Thanks for brainGraph.

I was exploring brainGraph to use in a slightly non standard structure and noticed that there was considerable code complexity in some of the helper structures checking for nesting structures etc, and nested loops to facilitate correct parameter settings. This PR, illustrates some tests of an alternative approach which eliminates the need for loop nesting and, I hope, offers reduced complexity in many situations. I couldn't see any steps that would be broken by this approach, but I haven't explored everything - see what you think.

The general idea is to stick everything in a table and operate on that instead of writing specialised code. There are plenty of R tools for creating the tables and, if you go that way, your code only needs to understand tables, not nesting structures. It is the idea underlying much of tidyverse.

There's also the option of going the direction of storing the graphs as a list column in a tibble, if you want, but I haven't tried that.

cwatson commented 5 years ago

Hi @richardbeare , thank you for your comment and contribution. I have taken a look at your code and actually had been working (a bit) on implementing something similar to what you wrote; i.e., using a table/helper function/etc. to simplify working with data. However, I am not sure I would like to incorporate the (exact) proposed approach, as it will require a lot of changes and testing to make sure everything interoperates correctly. As far as I remember, much of the "ugly" code is in the "user scripts" for which I give examples in the User Guide. Although I know that analysis_random_graphs is similar, but that was never written as a "true" function. In general I have tried to stick to the Unix philosophy, but as you have noticed I wasn't successful in many places.

I will think more about your proposal, and other ideas for brainGraph functions in the near future; I am pretty swamped at the moment with more pressing tasks.
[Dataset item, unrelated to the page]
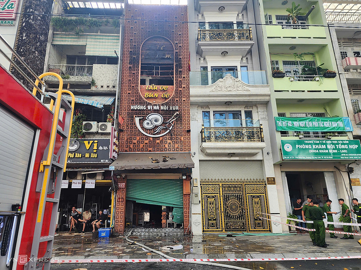 The restaurant fire on Tran Hung Dao street, Cau Ong Lanh ward, had its facade completely blocked by decorative bricks and signs, with only one exit through the main door. Anh: Dinh Van |
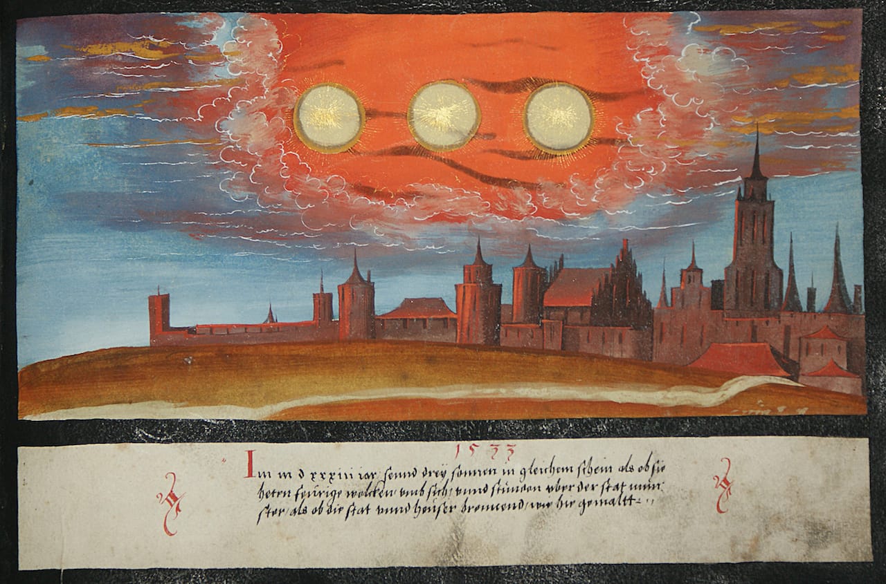 Of course, there are also the errors that we now know to be woefully wrong, like three suns supposedly shining over the world in 1533 (most likely a sun dog illusion), or mountain peaks on the moon in an 1874 illustration. Our knowledge of space is still incomplete, however, our visualizations still as much a science-based fiction (see NASA’s exoplanet illustrations). As Benson’s book argues, we have long been grasping at our place in the galaxy through these artistic depictions, and there’s something so compelling in this quest that it continues to join science, belief, and a compulsion to understand.

richardbeare commented 5 years ago

Thanks for the interest. This PR is intended as a place holder and something to think about. There are lots of bits and pieces in brainGraph, and I haven't used them all yet, so I can't be sure that this idea would fit everywhere. Part of my thought was that, even as an extremely experienced R user (20+ years), and previous implementer of similar tools for python/networkx, I found it tricky to work my way through the user guide - thus a simplification/standardization of some of the approaches may ease the learning curve and increase uptake.

I am sure it will appear as though you are throwing away some existing code implementing this, and there will be largish changes required. However I suspect it will lead to a more flexible and easier to maintain code base. The one point I wasn't able to confirm myself was whether any of the post normalization and pre stats analysis steps needed to know about the grouping structures? Are you able to point out the areas where you think problems are most likely?

Happy to discuss further, and may have questions as I move my collaborators to use brainGraph instead of my old networkx code.

cwatson commented 5 years ago

Yes, I figured it was meant to be a placeholder.

I'm not surprised you found working through the User Guide to be tricky. It began as a dump of old code/workflows/ideas and has grown and changed as I add features and learn more, myself, about network analysis and R programming.

I have always been less-than-happy with all of the nesting, so I will definitely consider a more intuitive approach. I can't remember off the top of my head which functions need to know about the grouping structure, but I think mtpc is one of them. There are probably some others.

cwatson commented 4 years ago

Sorry for such a long delay, @richardbeare . I appreciate your pull request as it pushed me in a somewhat different direction. In the latest version (3.0.0), there is new functionality that reduces the issue of nesting especially, and I hope overall usability is much improved. I will close the pull request but feel free to share your thoughts.